Assignment
Could you repeat the records below exactly, leaving out any pictures?

(Beginning of Dataset)

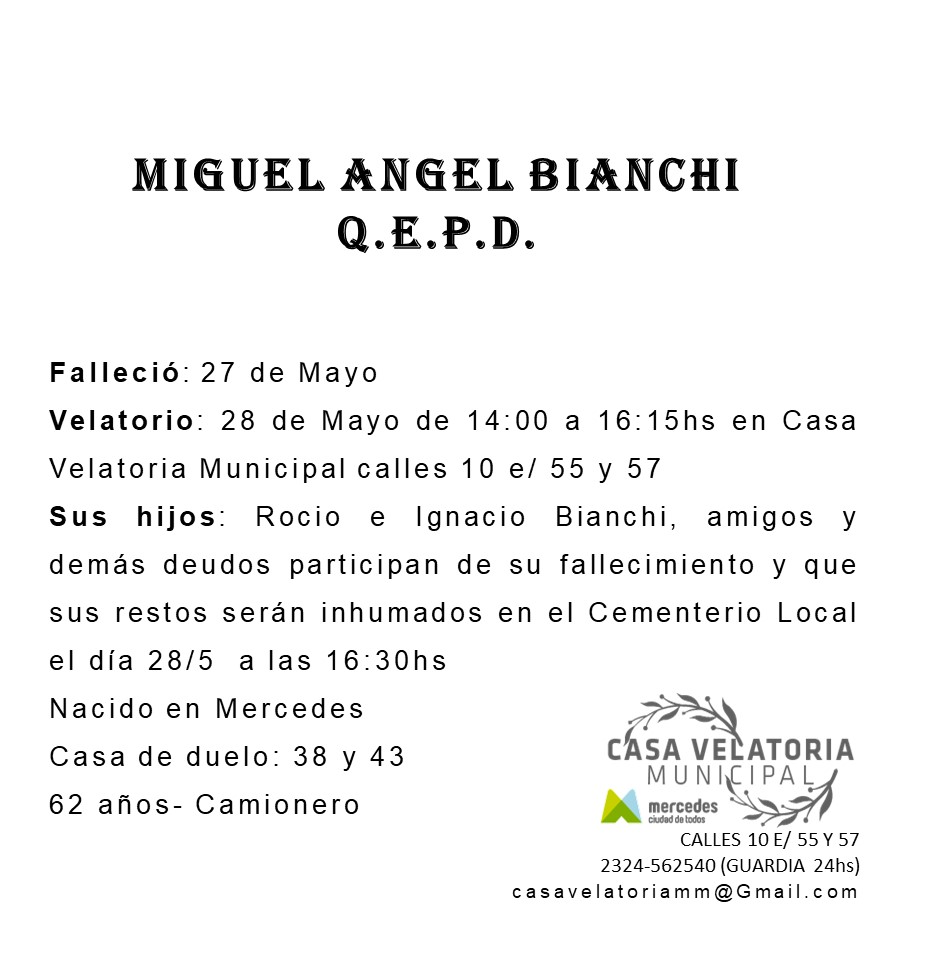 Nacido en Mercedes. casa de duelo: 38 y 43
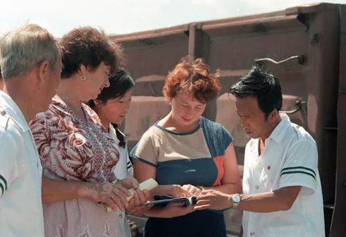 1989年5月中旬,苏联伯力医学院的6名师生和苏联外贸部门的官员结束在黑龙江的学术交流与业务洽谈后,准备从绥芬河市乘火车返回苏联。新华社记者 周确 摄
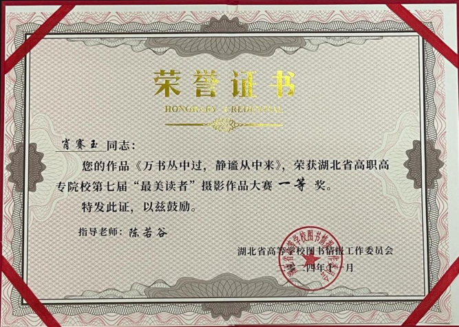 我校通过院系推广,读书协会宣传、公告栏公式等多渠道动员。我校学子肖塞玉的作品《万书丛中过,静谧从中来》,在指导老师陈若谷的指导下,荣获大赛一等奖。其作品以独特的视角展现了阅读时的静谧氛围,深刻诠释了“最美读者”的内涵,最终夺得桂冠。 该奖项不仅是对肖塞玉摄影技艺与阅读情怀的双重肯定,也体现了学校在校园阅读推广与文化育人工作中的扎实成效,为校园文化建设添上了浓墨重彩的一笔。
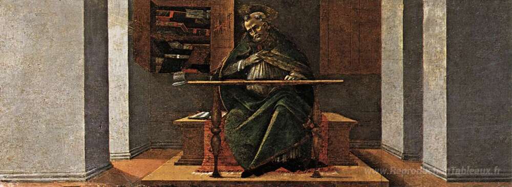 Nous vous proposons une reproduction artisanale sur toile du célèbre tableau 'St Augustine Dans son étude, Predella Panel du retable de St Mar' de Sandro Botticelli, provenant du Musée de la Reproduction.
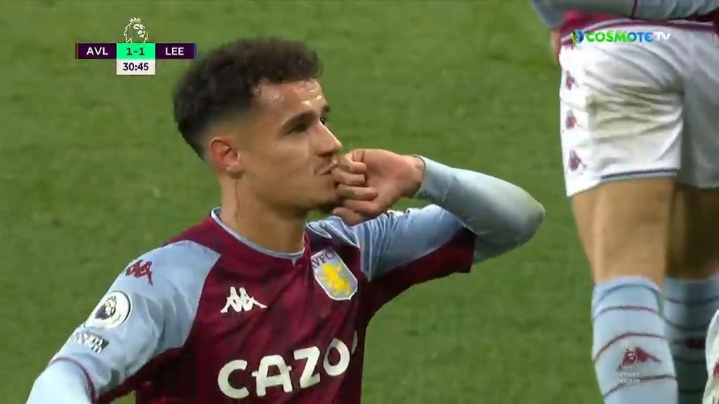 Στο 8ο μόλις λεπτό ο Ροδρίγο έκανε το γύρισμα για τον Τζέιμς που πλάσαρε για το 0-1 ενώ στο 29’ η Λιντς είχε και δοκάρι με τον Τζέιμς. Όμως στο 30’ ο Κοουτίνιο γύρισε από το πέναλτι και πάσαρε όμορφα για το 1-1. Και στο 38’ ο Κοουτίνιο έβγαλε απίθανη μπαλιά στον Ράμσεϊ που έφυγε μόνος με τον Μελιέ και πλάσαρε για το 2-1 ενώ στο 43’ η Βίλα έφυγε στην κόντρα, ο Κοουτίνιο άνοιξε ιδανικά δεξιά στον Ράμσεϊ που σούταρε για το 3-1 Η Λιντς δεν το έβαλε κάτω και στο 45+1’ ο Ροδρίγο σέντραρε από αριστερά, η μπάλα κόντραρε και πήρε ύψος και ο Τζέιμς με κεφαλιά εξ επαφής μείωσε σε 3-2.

(End of Dataset)

Reply to the task
 Nacido en Mercedes. casa de duelo: 38 y 43
 1989年5月中旬,苏联伯力医学院的6名师生和苏联外贸部门的官员结束在黑龙江的学术交流与业务洽谈后,准备从绥芬河市乘火车返回苏联。新华社记者 周确 摄
 我校通过院系推广,读书协会宣传、公告栏公式等多渠道动员。我校学子肖塞玉的作品《万书丛中过,静谧从中来》,在指导老师陈若谷的指导下,荣获大赛一等奖。其作品以独特的视角展现了阅读时的静谧氛围,深刻诠释了“最美读者”的内涵,最终夺得桂冠。 该奖项不仅是对肖塞玉摄影技艺与阅读情怀的双重肯定,也体现了学校在校园阅读推广与文化育人工作中的扎实成效,为校园文化建设添上了浓墨重彩的一笔。
 Nous vous proposons une reproduction artisanale sur toile du célèbre tableau 'St Augustine Dans son étude, Predella Panel du retable de St Mar' de Sandro Botticelli, provenant du Musée de la Reproduction.
 Στο 8ο μόλις λεπτό ο Ροδρίγο έκανε το γύρισμα για τον Τζέιμς που πλάσαρε για το 0-1 ενώ στο 29’ η Λιντς είχε και δοκάρι με τον Τζέιμς. Όμως στο 30’ ο Κοουτίνιο γύρισε από το πέναλτι και πάσαρε όμορφα για το 1-1. Και στο 38’ ο Κοουτίνιο έβγαλε απίθανη μπαλιά στον Ράμσεϊ που έφυγε μόνος με τον Μελιέ και πλάσαρε για το 2-1 ενώ στο 43’ η Βίλα έφυγε στην κόντρα, ο Κοουτίνιο άνοιξε ιδανικά δεξιά στον Ράμσεϊ που σούταρε για το 3-1 Η Λιντς δεν το έβαλε κάτω και στο 45+1’ ο Ροδρίγο σέντραρε από αριστερά, η μπάλα κόντραρε και πήρε ύψος και ο Τζέιμς με κεφαλιά εξ επαφής μείωσε σε 3-2.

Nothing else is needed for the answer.